Remark 4.5. Let $m_0$ be the integer such that for every $m\geq m_0$ and every $I^{(m)}$ , Lemma 4.4 holds. If $I^{(n)}$ is an interval in the nth step of the configuration of the staircase with $n<m_0$ , observe that $I^{(n)}$ is made up by

$$ \begin{align*}I^{(n)}=\bigsqcup_{i=1}^{m!/n!}I^{(m)}_i.\end{align*} $$

Therefore, for any rectangle R, it follows that

$$ \begin{align*} \lim_{t\to\infty}\unicode{x3bb}(\phi_t(I^{(n)})\cap \pi_x^{-1}(b(R)))=\sum_{i=1}^{m!/n!}\unicode{x3bb}(I^{(m)}_i)(\unicode{x3bb}(b(R)))=\unicode{x3bb}(I^{(n)})\unicode{x3bb}(b(R)).\end{align*} $$

It is worth noting that when we consider an interval $I^{(n)}$ and observe how it evolves under the flow $\phi _t$ , over time, this interval will break up into several horizontal segments scattered throughout the polygon. For the second part of the proof, our goal is to approximate the distribution of the heights achieved by these horizontal segments.

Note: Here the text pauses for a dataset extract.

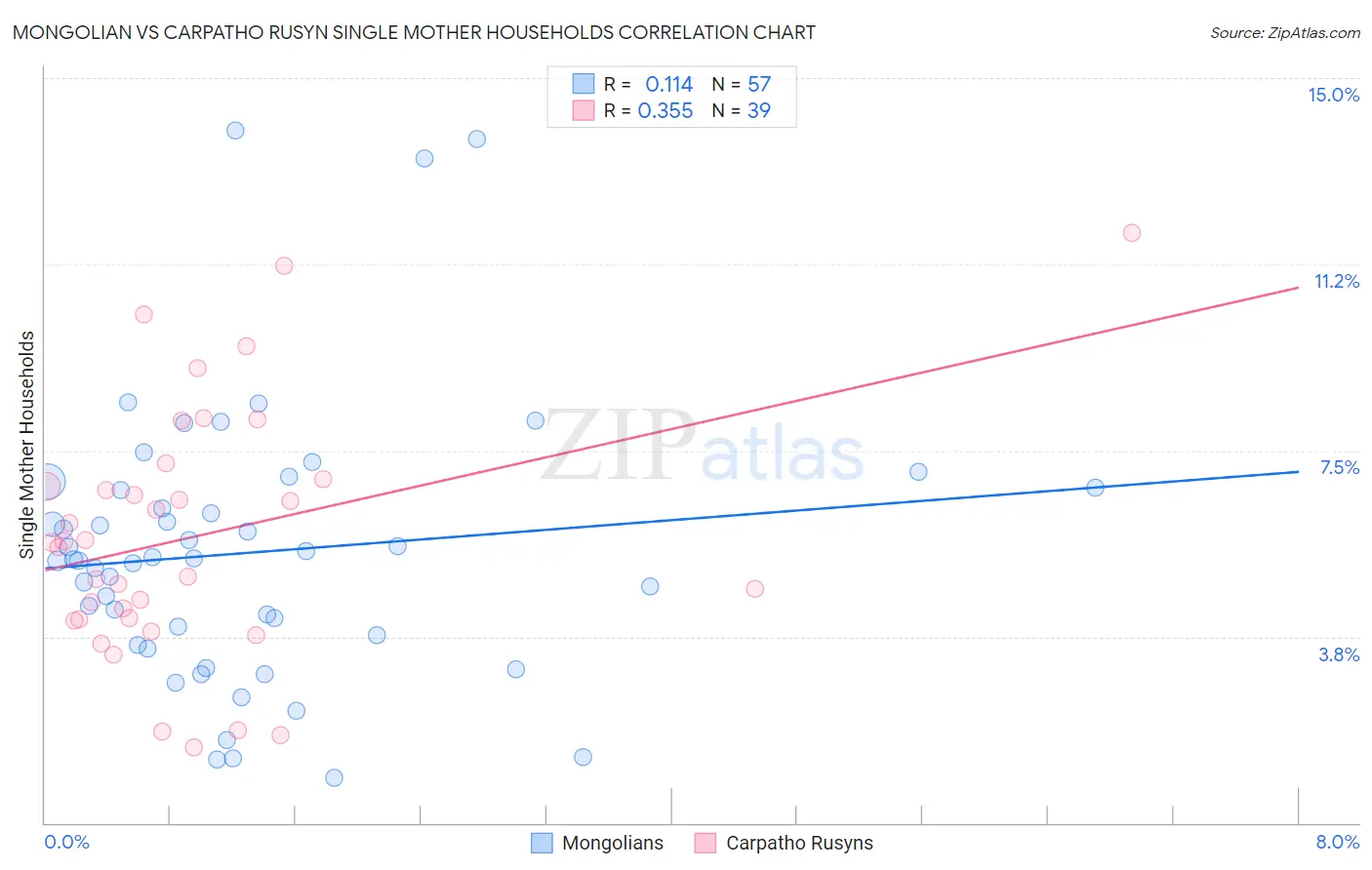 The statistical analysis conducted on geographies consisting of 140,225,354 people shows a poor positive correlation between the proportion of Mongolians and percentage of single mother households in the United States with a correlation coefficient (R) of 0.114 and weighted average of 5.8%. Similarly, the statistical analysis conducted on geographies consisting of 58,858,752 people shows a mild positive correlation between the proportion of Carpatho Rusyns and percentage of single mother households in the United States with a correlation coefficient (R) of 0.355 and weighted average of 5.7%, a difference of 2.2%.

Our strategy will be to assume, without loss of generality, that the heights of the polygon are 1 and q. We then consider a discretization of the flow given by the iterates of $\phi _q$ . By doing so, we aim to emulate the behavior of an irrational rotation and demonstrate that the heights of the horizontal segments follow a distribution similar to the set $ \{nq\!\! \mod {1} : n \in \mathbb {N}\} $ .

4.2 Behavior of the first subcolumn

The discussion that follows is crucial for delving into the second part of the proof, with the aim of convincing us that by discretizing the flow $ \phi _t $ through iterations of $ \phi _q $ , applying $ \phi _{mq} $ to any level $ I^{(n)} $ yields an increasing sequence of heights contained in $ \{nq, n \in \mathbb {N}\!\! \mod {1}\} $ .

Notation. We say that $ x \in I $ lies beneath $ q $ if $ f(x) = q $ ; similarly, we say that $x\in I$ lies beneath $1\, f(x) = 1 $ .

Note that if a subinterval $ I^{(m)}$ lies beneath $ q $ at height zero, applying $ \phi _q $ resets its height to zero. Subsequent applications of $ \phi _q $ maintain this zero height as long as the subinterval remains beneath $ q $ , until it eventually reaches a height of zero beneath $ 1 $ . At this point, the application of $ \phi _q $ results in alternating heights: first $ q $ , then $ 2q\!\! \mod {1} $ , and so forth. Due to the construction of the classical staircase, the subinterval passes through the roof whose value is $ 1 $ twice consecutively before going to the spacer side.

Now, consider $ I^{(m)} $ as the last level of the $ m $ th step configuration of the staircase before it breaks into $ m+1 $ new subintervals $ I_j^{(m)} $ with $ j \leq m+1 $ . We explain that the heights attained by $ \phi _{nq}(I^{(m)}) $ with $m+1\leq n\leq h_m$ coincide with the heights attained by $ \phi _{nq}(I^{(m)}_1),\phi _{(n-1)q}(I^{(m)}_1),\ldots ,\phi _{(n-1-m)q}(I^{(m)}_1) $ .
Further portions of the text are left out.